Tuesday, December 7, 2010

On sensitivity

"Mommy, which one should we get?" Elijah asked. "Whichever one you like," I replied. "I think we should get this one (the red, green and white snowflake one) because it has more color than this one (the snowman)."

I secretly smiled and thought, this is my child through and through. He wants to make the best decision. He responds positively to color and seeks it out. I didn't know I was teaching him these things, but I guess when I marvel at autumn trees or talk about the different colors on our dinner plates, I'm teaching him to be sensitive to color.

A gift, this sensitivity can be.

At times, it can be a burden. We walked to the children's workshop in Lowe's the other day and Elijah didn't want to build the featured item. He explained that when he walked near the working kids, his stomach started doing flips. I cringed that I heard myself in him.

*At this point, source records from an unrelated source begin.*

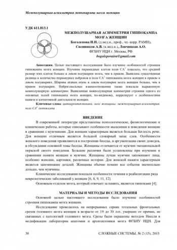 Целью настоящего исследования было изучение особенностей строения гиппокампа мозга женщин. Изучение пирамидных клеток поля СА1 показало, что средний размер этих клеток больше в левом полушарии мозга, чем в правом. Выявлена существенная разница в количестве пирамидных нейронов в поле СА1 гиппокампа мозга женщин в правом и левом полушариях. Ширина stratum oriens в левом полушарии мозга женщин больше, чем в правом полушарии. Нейроглиальные взаимоотношения также показали выраженную межполушарную асимметрию. Выявленная межполушарная асимметрия строения одного из основных полей гиппокампа мозга женщин, по-видимому, коррелирует с особенностями памяти и когнитивной деятельности женщин.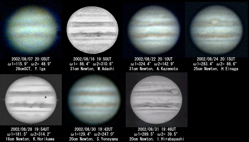 7月20日に合を終えた木星の最初の観測は、合の18日後の8月6日UTで、筆者の眼視スケッチでした。翌7日(以降日時はUT)には高度11°という低空にもかかわらずCCD画像を得ることができました。8日には堀川邦昭氏(横浜市)、16日には永長英夫氏(兵庫県)・安達誠氏(滋賀県)、22日には風本明氏(京都市)と観測者が増えていきました。8月に報告のあった7名の観測を写真1で紹介します。日の出時の高度が20°を超えた21日以降は、CCDでもクオリティが上がってきています。8月後半は台風の影響もありましたが、やはりどっかりとした太平洋高気圧のおかげで、シーズン初めだというのに、2枚の展開図を作成することができました(写真2)。2001-02年のシーズンの最終観測は6月3日で、2ヶ月ほどの観測の空白期間での変化を追いかけるのがシーズン初期のテーマです。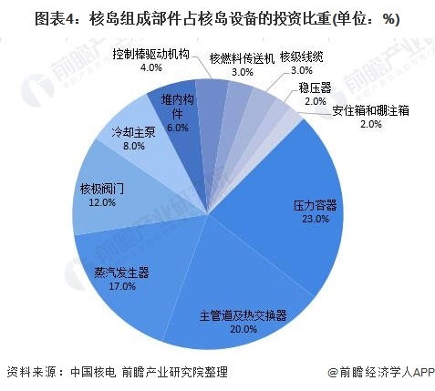 據(jù)中國核電和中國核電信息網(wǎng)的披露,一般而言,核島設(shè)備中,壓力容器、主管道及熱交換器、蒸汽發(fā)生器都是投資的重點(diǎn),其中壓力容器占比為23%,主管道及熱交換器占比為20%,蒸汽發(fā)生器占比為17%,核島閥門占核島設(shè)備投資中的比例大概為12%。
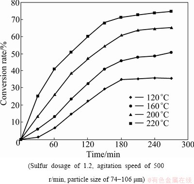 Figure 3 shows effect of temperature on hydrothermal sulfidation of synthetic hemimorphite at 120–220 °C. The results indicate that the temperature has a pronounced effect on the conversion of hemimorphite. The hemimorphite conversion rate increases greatly with the temperature increasing in the range and about 71% hemimorphite was sulfidized at 220 °C in 180 min.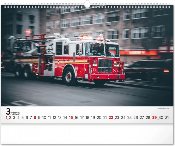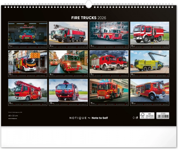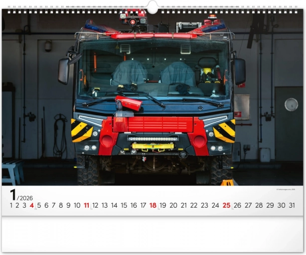 Jeder Monat des Kalenders zeigt einzigartige Fotos von Feuerwehrfahrzeugen, die durch ihre Dynamik und feurige Atmosphäre beeindrucken. Der Kalender hat ein universelles Kalendarium, das übersichtlich auf einem eleganten schwarzen Hintergrund platziert ist.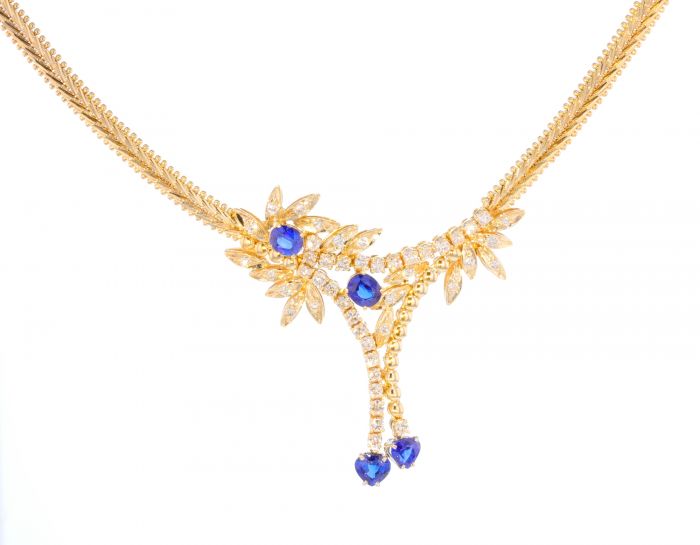 14K Yellow Gold Ceylon Sapphire & Diamond Riccio Style Necklace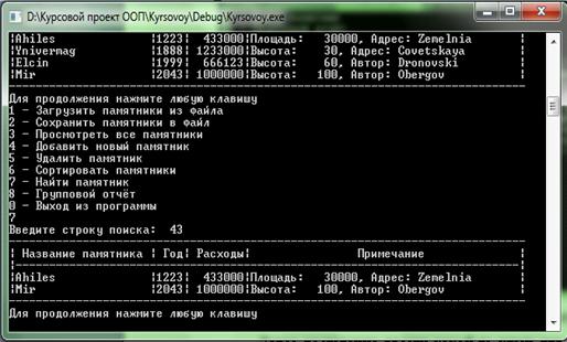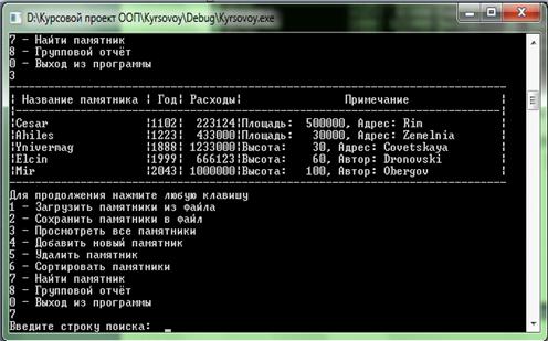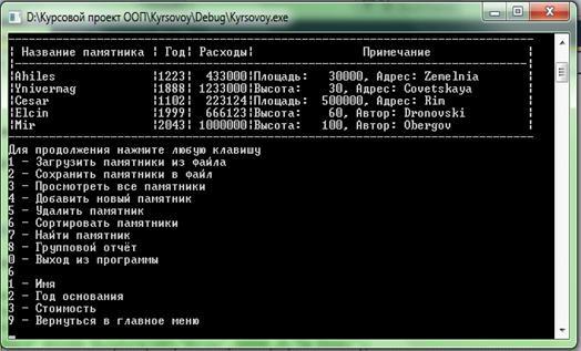 памятника: ");(stdin);(name);.Del_Pamiatnik(name);("Для продолжения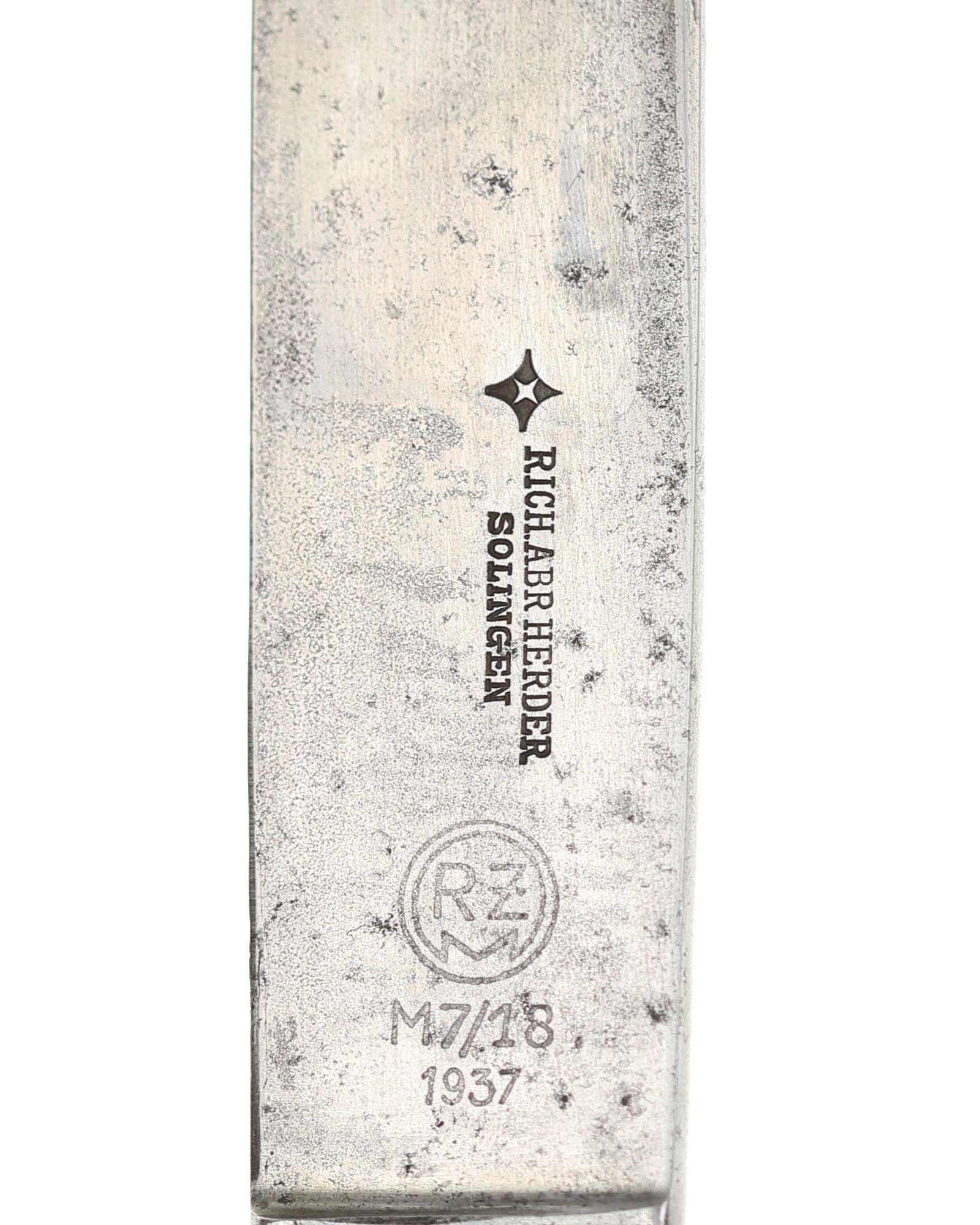 Клинок: Клинок никелированный, с одной стороны помещен девиз - "Кровь и честь" (нем. Blut und Ehre), с другой RZM клеймо производителя RZM M7/18 (Rich. A. Herder Solingen).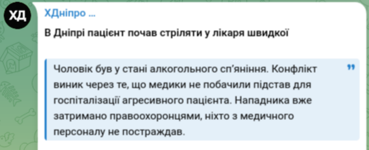 У Дніпрі п'яний місцевий житель відкрив вогонь по парамедику після того, як отримав відмову у своїй госпіталізації.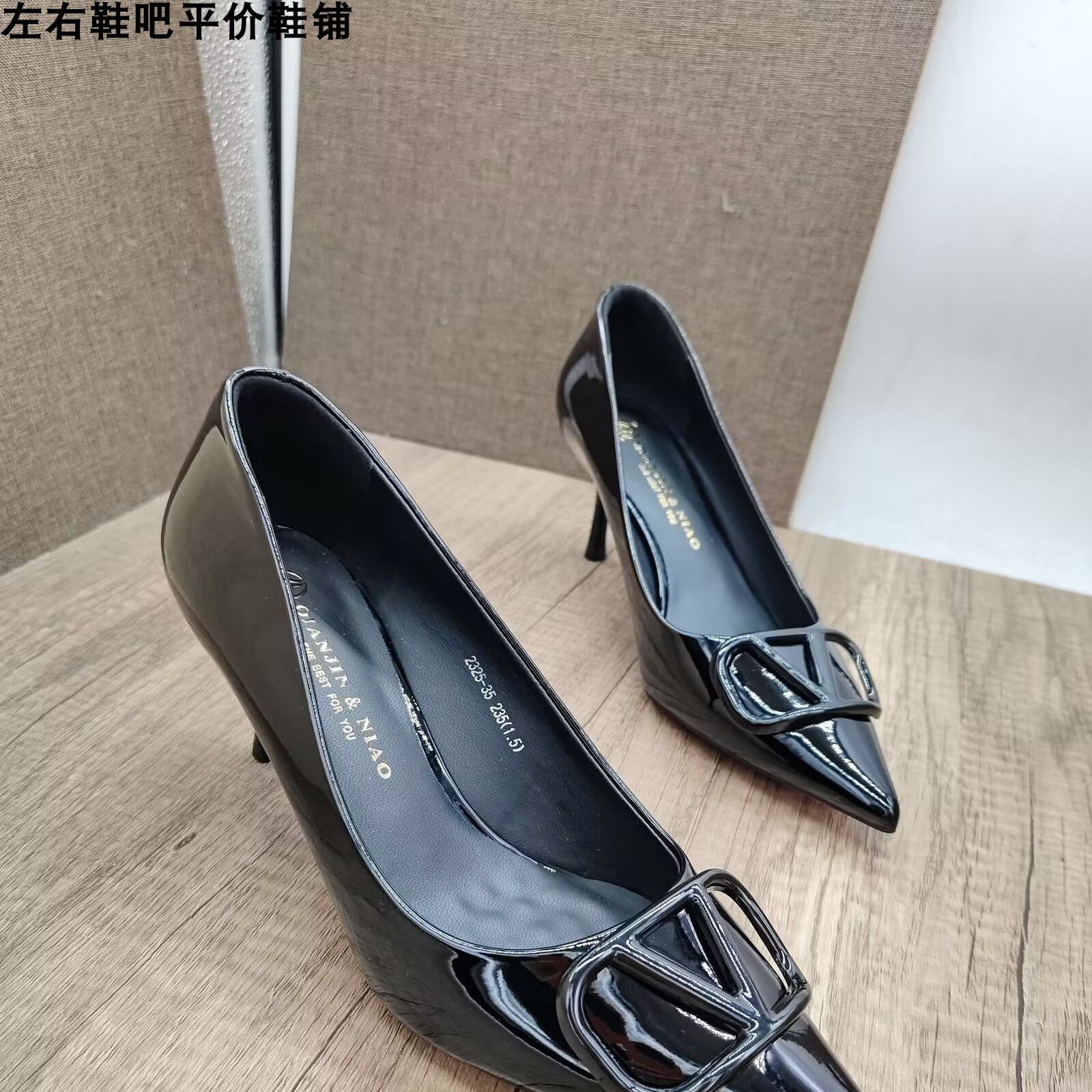 2025年新款细跟尖头通勤黑色漆皮高跟鞋女金属扣职业工作鞋不累脚

I hated that he inherited my burdensome natural inclination to flee uncomfortable situations. I would rather him not have the negatives that accompany this sensitivity.

However, who can resist a child who sits and drinks hot chocolate with his mother, finishes and says, "Thank you for making me hot chocolate, mommy. That hot chocolate made my heart warm."

Or when the current outdoor resident of our local Target asks for money for long johns, my almost-seven-year old, says "aren't you going to give him some money." When I respond "no;" he says, "if I was a man, I would go to the bank and get some money and bring it to that man."